Resilient Architecture Flashcards
Design HA and Fault Tolerant Systems
How do you autoscale in AWS?
- Setup an auto-scaling group.
- Setup a load balancer.
- Configure auto-scaling to listen to Cloudwatch alarms.
What is the difference between HA and Fault Tolerance and DR?
HA is to guarantee maximum uptime
- there can be minimal disruption to service but it is restored quickly
- an off-road vehicle carrying a spare tire encounters a flat
FT is to work through malfunctioning components in the system
- there typically cannot be any loss of functionality during component outage
- a plane in the air with engine failure uses redundant second engine
- a patient on an operation table on critical monitoring equipment that cannot stop functioning
- FT costs a lot to implement and is more complex in design than HA
DR is failure of a larger scale than affects HA or FT
- human induced or natural
- entire system is compromised or lost
- typically solved by having a second physical location to take over, far away from disaster site
- backups should be stored off site for on-prem solutions
- determine what your RTO and RPOs need to be for the use-case
What is Route53?
A DNS service from AWS
- Register domains, Global Service single DB
- Hosts Zone Files
- Managed Nameservers (NS) 4 per domain
- Liases with the TLD registrar and provides NS records where a particular domain resides (eg: )
- Zone files store record sets
How does DNS work? High level part 1
- Root Hints file on the DNS resolver (ISP provided) points to the 13 DNS Root servers where the Root Zone lies
- Root Zone is authoritative
- Root Zone is a DB of the top level domains (.com etc)
What are the different types of DNS records?
- “A” record points to the IPv4 of the server
- “CNAME” - canonical name - points to the “A” record and are alternate names pointing to the same IP (eg, ftp.google.com, mail.google.com)
- CNAME only can point to A names not to an IP address (exam question!)
- MX records: Points to a server for a specific mail domain
- TXT records: Arbitrary text to prove domain ownership
What does TTL on a DNS record indicate?
TTL values indicate how long the resolver can cache the IPv4 returned from the domain resolution
What is an ALB?
Application Load Balancer
- “Target” is a single compute resource
- “Target groups” are groups of targets
- Rules are evaluated to determine which target group to send requests to
- Rules are “path” based or “host” based
What are Launch configurations and Launch Templates?
- Templates came after Configurations
- Allows you to define the configuration an EC2 in advance (ami type, memory, networking, user data, iam role attached etc)
- LTs have versions, is recommended over LC
What is an ASG?
Auto Scaling Group
- automatic scaling for EC2
- uses the EC2 configuration within LTs or LCs
- 3 important values: Min size, Desired and Maximum (eg: 1:2:4)

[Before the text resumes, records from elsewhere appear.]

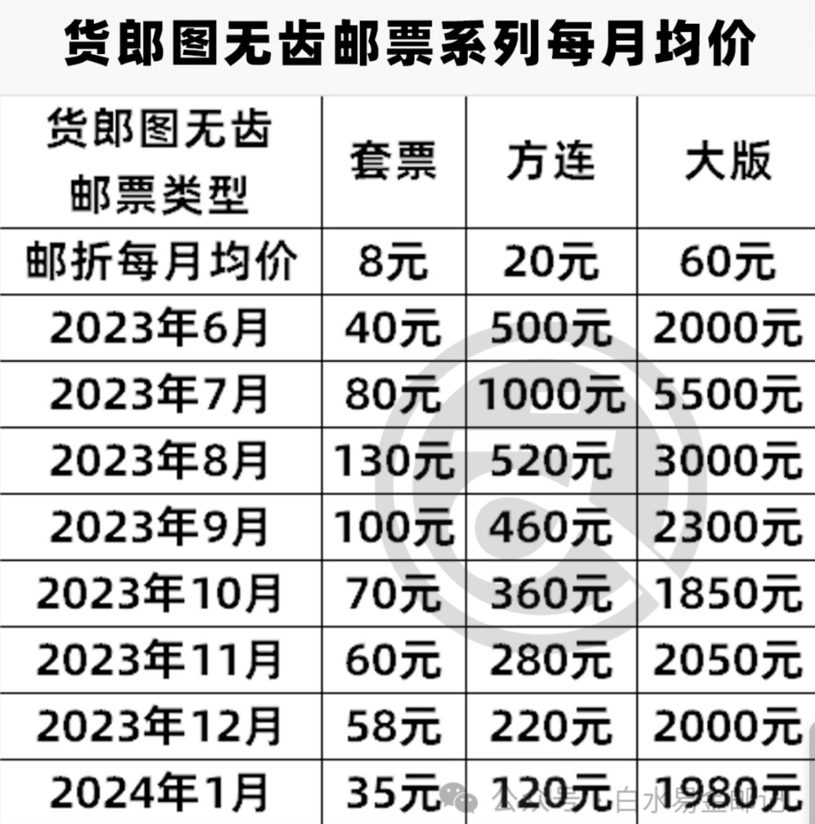 从表格的每月均价发展,就知道目前还是“高开低走”为主线的下滑趋势,这也是特供邮品的特性,次年价格就会大跌,毕竟年年都会推出新形式的特供邮品,发行数量也可能没有最低还有更低的方式促销。在12月大量其他品种邮票抛售入市,导致很多品种在12月底都跌入新低,邮市骂声一片,但我们也看到《货郎图》无齿大版已经保持了3月稳定在2000元/本上下的价格,说明3-4万本的发行数量将是历史新低数量,预期它的市场价格不会有太多变化,假如邮市还有春天,将是一个快速再发芽上涨的品种。而《货郎图》无齿套票和方连,在2023年12月时受配售数量信息公告影响已经下跌至低位,目前几大邮票网站待售数量较大,虽然进入火热龙年,龙年邮票目前在YZ控盘下,龙年系列邮票价格稳定有较高的溢价率,但很多邮商都以观望态度为主,大宗交易并没放大,都清楚现阶段都是推高卖产品阶段,一般在三月份才是较合理价格,没有礼品开发需求都不会大笔投资收购,而且首次发行的龙年贺年钞也将上市掠走大笔收藏资金,所以《货郎图》无齿邮票在2024年1月价格两个品种不太稳定,估计还会继续下滑
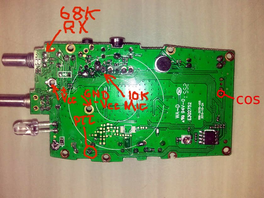 The only difference between this modification and others I have seen is that I do not remove anything from the transceiver except the LED. The LED is removed to facilitate the use of its opening in the case for the wire to the URI. In addition the RX audio wire is connected to the hight side of the pot. The side closest to the board edge. It is a much better idea to not connect at the speaker where more distortion and also level changes by the volume pot could take place. The value of the resistor is changed to 68K from the high side of the pot to the URI. The speaker works normally with the volume control and you can monitor incoming traffic on the node. The mic is muted by inserting an unconnected miniature (stereo, 3 conductor NOT 2 conductor) phone plug (larger plug) into the side of the radio. The rest of the photos should be self explanatory.
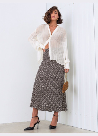 Стильний костюм дрібної в’язки. Вкорочений жилет вільного крою з спущеним плечем. З V-подібним вирізом і відкладним коміром. Декорований горизонтальними смугами, що створюють контраст. Застібається на великі ґудзики по всій довжині. Штани прямого крою з легким розкльошенням. Манжети виробу декоровані контрастною каймою, що гармоніює з візерунком жилету. Талія виконана гумкою для комфортної посадки по фігурі.
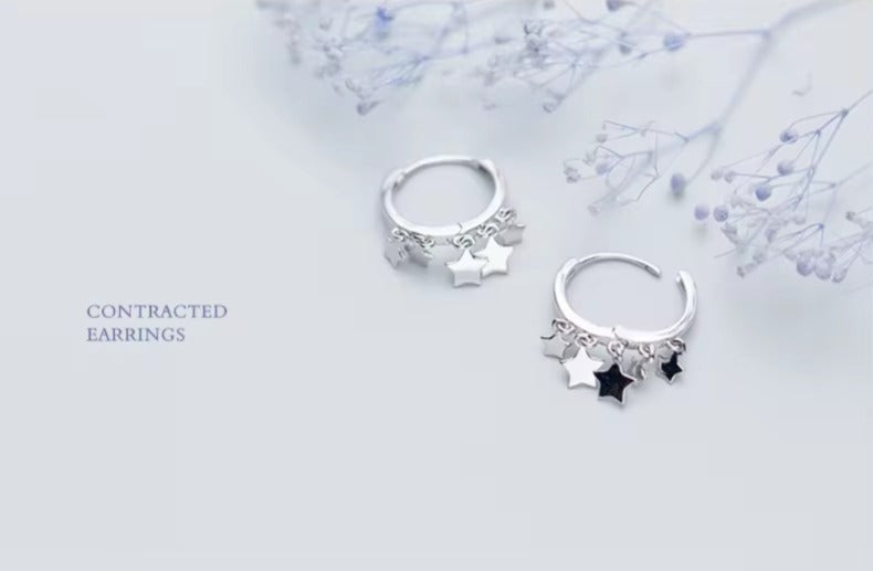 pendientes de aro de plata de ley 2021 auténtica para mujer, aretes redondos con abalorio de columpio de estrellas
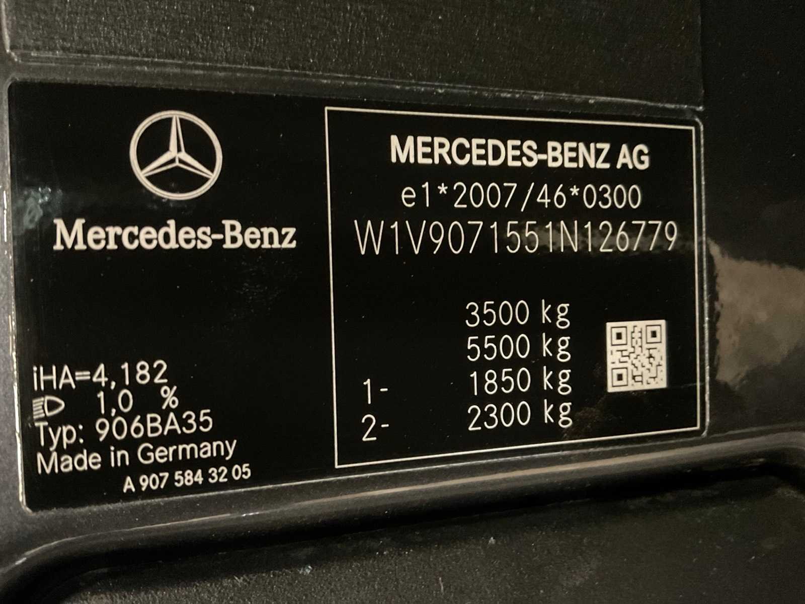 Voorzien van onder andere: elektrische ramen en spiegels, automatische verlichting, radio met usb aansluiting, start stop systeem, automatische airco, chassislengte voor montage bak circa 415 cm. Kenteken: VJB-16-G Merk: Mercedes-Benz Model: Sprinter chassis Bouwjaar: 2021 Chassisnummer: W1V9071551N126779 Cilinderinhoud: 2143cc Vermogen (kW): 105kW Brandstof: Diesel Datum eerste toelating: 2021-01-13 Datum eerste toelating (NL): 2021-01-13 APK vervaldatum: 2024-01-13 Transmissie: Automaat Aantal zitplaatsen: 2 Kleur: Grijs Nationaliteit documenten: NL Bruto BPM (NL): 14404 Rest BPM: 3997 Aantal deuren: 2 Aantal sleutels: 1 Ledig gewicht: 2912kg Laadvermogen: 588kg Vermogen (pk): 143 Aantal cilinders: 4 Velgmaat: 16 inch Carrosserie: gesloten opbouw Emissieklasse: 6 Startinformatie: Niet Maximaal trekgewicht ongeremd: 750 No self drive export!: true
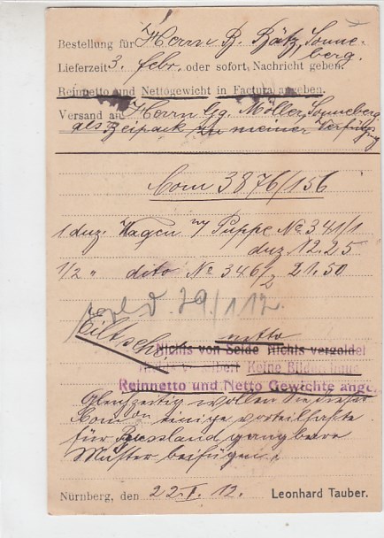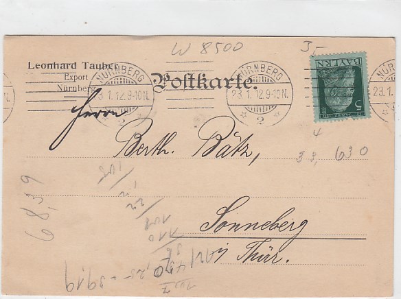 Nürnberg Postkarte Werbung Leonhard Tauber 1912
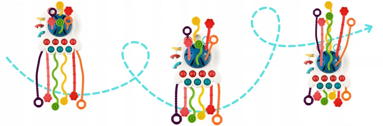 Perfectă pentru perioada dentiției și pentru explorarea timpurie a lumii, Caracatița Veselă este ușor de transportat, fiind alegerea ideală pentru călătorii și plimbări.
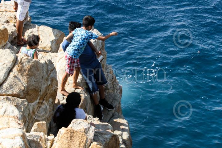 ACAPULCO, GUERRERO, 17ENERO2019.- Padres de familia llevan a sus hijos a pescar a lugares de alto riesgo en los acantilados del clarín, en la colonia de pie de la cuesta, donde se encuentran varias familias cuyo único sustento es la actividad pesquera. FOTO: BERNANDINO HERNÁNDEZ /CUARTOSCURO.COM
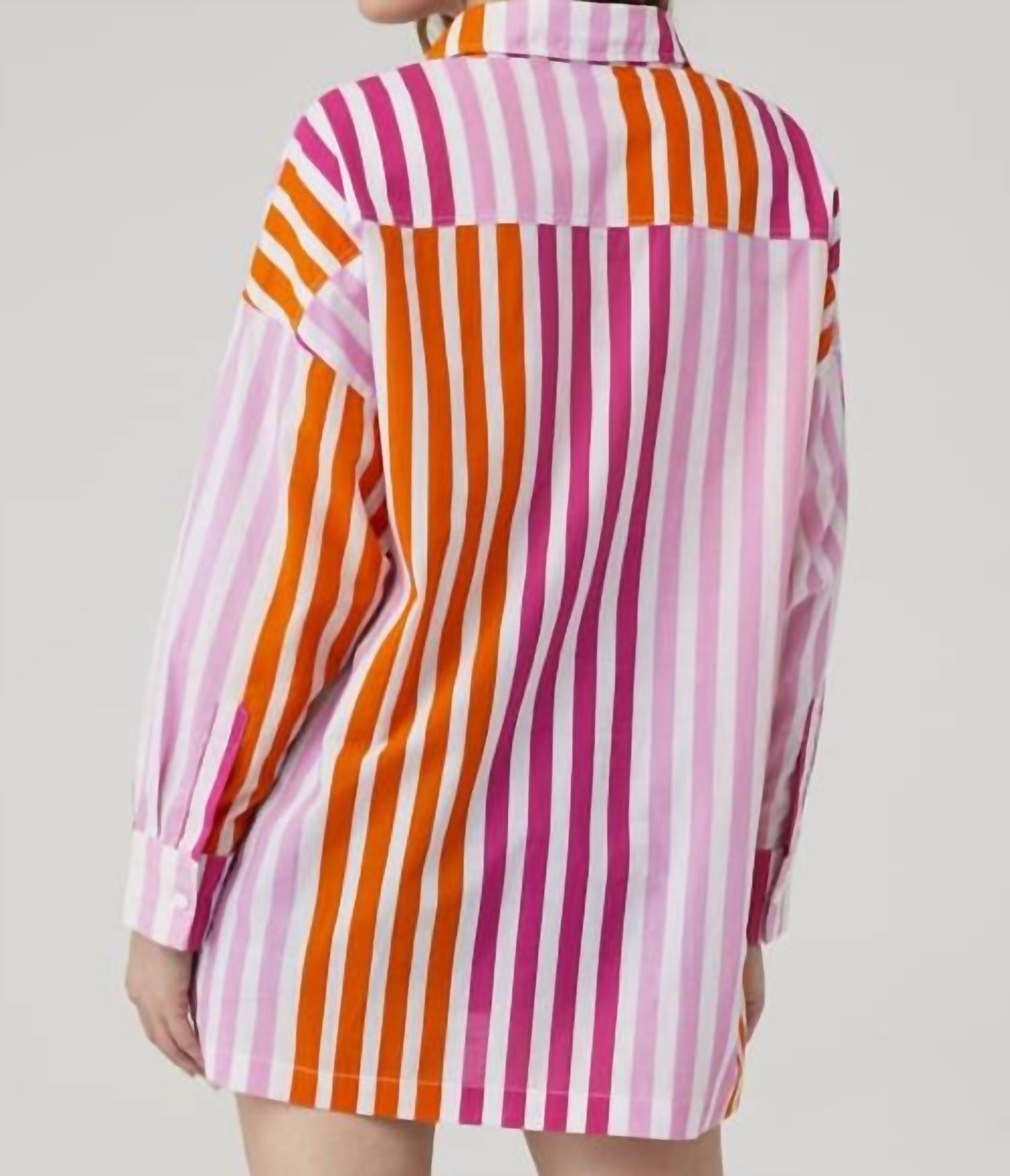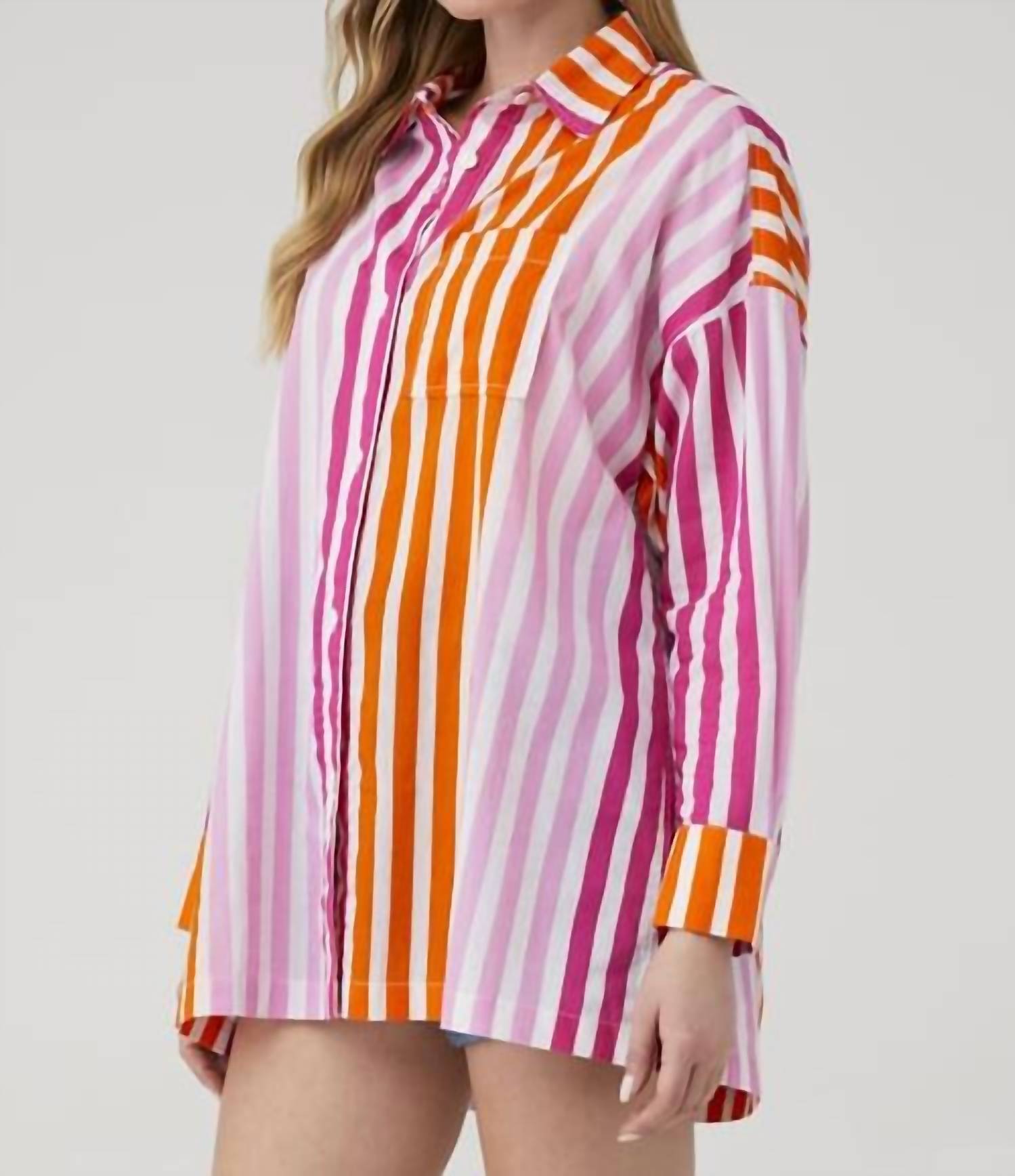 This button down shirt is comfortable yet polished. Introducing the Alexa Top by Beach Riot, a vibrant addition in sunset stripes perfect for your spring travels. This lightweight button-down shirt features long sleeves and a classic collared neckline. Crafted from 100% cotton, it offers breathable comfort with a button closure for easy wear. Care instructions include machine washing and laying flat to dry.

- Provision or terminate to keep at Desired level
- Scaling policies based on Metrics
- Runs in a VPC across one or more Subnets
Types of Auto scaling?
- Manual
- Scheduled scaling based on time
- Dynamic scaling
- simple scaling based on a metric, example: cpu - if CPU > 50% increase desired capacity else remove 1 from desired capcity
- stepped scaling - lets you define more details - add one instance if cpu > 50%, add 3 instances if cpu > 80% (bigger or smaller steps), react in a more extreme way, preferable to simple
- target scaling: eg: 40% desired aggregate cpu across all instances in the group
What is cool down period?
EC2 has min billing so bringing in instances in and out too frequently can be costly
Cool down period waits for a the time period before a scaling action is applied since the last scaling action
What are NLBs?
Network Load balancer
Only understand TCP and UDP, non-HTTP(s)
~100ms vs ~400ms for ALBs
Rapid scaling - millions of requests per second
1 interface with static IP/AZ, can use EIPs
What is SSL Offload
ELBs have 3 types of SSL off load:
1. Bridging - SSL is terminated on the LB, LB needs an SSL Cert matching the domain name, new encrypted connection between ALB and EC2 instances (ALB decrypts and then re-encrypts when talking to EC2 instances so EC2 needs to decrypt which can be an overhead)
- Pass through - NLB usually uses this, does not decrypt, passes it through to EC2, cannot decrypt data, AWS does not know what cert you use on the EC2 instance, still has admin and compute overhead on EC2
- SSL Offload - ELB has cert, but cert not needed on EC2 instance since connection is not HTTPS. Only ELB decrypts, so no overhead on the EC2 instances
What is Session Stickiness?
If enabled, the LB generates a cookie called “aws-alb”
Duration defined by you (1s to 7days)
LB will go to the same backend EC2 instance if the cookie is present
What is Boot time to service time?
Time required by AWS to provision EC2, software updates and installation within the OS - for AWS provided AMIs that is in mins.